La muerte de Calígula, a
pesar de las características del personaje, produjo un caos y un vacío de poder
en los días sucesivos a su asesinato. Por un lado, los soldados germanos
sedientos de sangre buscaron palmo a palmo por la ciudad con la intención de
acabar con los asesinos, matando a gente inocente al confundirlos con los
tiranicidas. Éstos por su parte, escondidos debatían sobre la mejor manera de
restaurar la República pues no estaban dispuestos a aceptar un nuevo tirano.
Senadores romanos. Siglo III d.C, Roma. Museos Vaticano
Fuente: De Sailko - Trabajo propio, CC BY-SA 3.0,
Mientras el Senado se
reunía para decidir sobre el futuro, no en la Curia Julia, sino en el templo de
Júpiter Capitolino, con la intención de envolver de un hondo sentimiento
simbólico la cita. Esa noche los dos cónsules fueron quienes ordenaron a los
guardias mantener el orden. La euforia por parte de los senadores se resume en
estas palabra que pone Flavio Josefo en boca de uno de los cónsules “para los que han crecido educados en la
virtud, basta vivir una sola hora en un país libre, sin responder a nadie más
que a uno mismo, gobernados por las leyes que nos han hecho grandes” (Antigüedades Judías, 19, 2, 2).
Sin embargo, los
pretorianos tenían otros planes. A sabiendas de que nada podían ganar ellos con
la vuelta de la República, no tardaron en movilizarse para buscar un sucesor
que tuviera la sangre de Augusto. La tarea no era fácil pues el único
descendiente del emperador, su sobrino Lucio Domicio (futuro emperador Nerón)

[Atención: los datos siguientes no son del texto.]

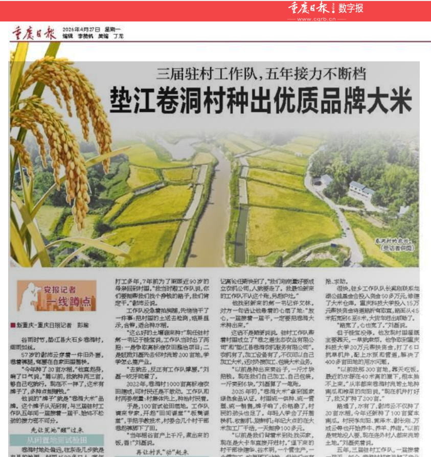 《重庆日报》:三届驻村工作队,五年接力不断档——垫江卷洞村种出优质品牌大米

era aún un niño. Sólo quedaba con vida un
varón, sobrino nieto del divino Augusto, considerado tan insignificante
por su gloriosa familia que ni Sejano, ni su hermana Livila, ni su tío Tiberio
ni su sobrino Calígula se tomó la molestia de asesinar. Por tanto, no podía
haber otro candidato posible que el considerado el tonto de la corte, el tío
Claudio.
Claudio es proclamado emperador.
Detalle del cuadro Un emperador romano. Lawrence Alma Tadema. 1872
“[Claudio] mantenido aparte
con los demás por los que preparaban la emboscada contra Cayo y alejaban a la
gente con el pretexto de que deseaba estar solo, se había retirado a una cámara
que recibe el nombre de Hermeo; poco después, aterrado por la noticia del
asesinato, se deslizo hasta una terraza contigua y se escondió entre las
cortinas que cubrían la puertas. Un soldado raso que pasaba casualmente por
allí vio sus pies y sintió curiosidad de saber quién era; al punto le
reconoció, le sacó de su escondite y, mientras Claudio caía a sus plantas lleno
de terror, le saludo como emperador. Luego le llevó ante sus otros compañeros,
que estaban indecisos y que por el momento no hacían más que vociferar. Éstos
lo colocaron en una litera y, como sus esclavos habían huido, por turnos lo
llevaron sobre sus hombros hasta el campamento; iba afligido y tembloroso,
mientras la multitud que encontraba a su paso le compadecía como a un inocente
al que arrastraran al suplicio. Recibido dentro de la empalizada, pasó la noche
entre centinelas, con muchas menos esperanzas que seguridad” (Suetonio. Vida del divino Claudio. 10, 1,2).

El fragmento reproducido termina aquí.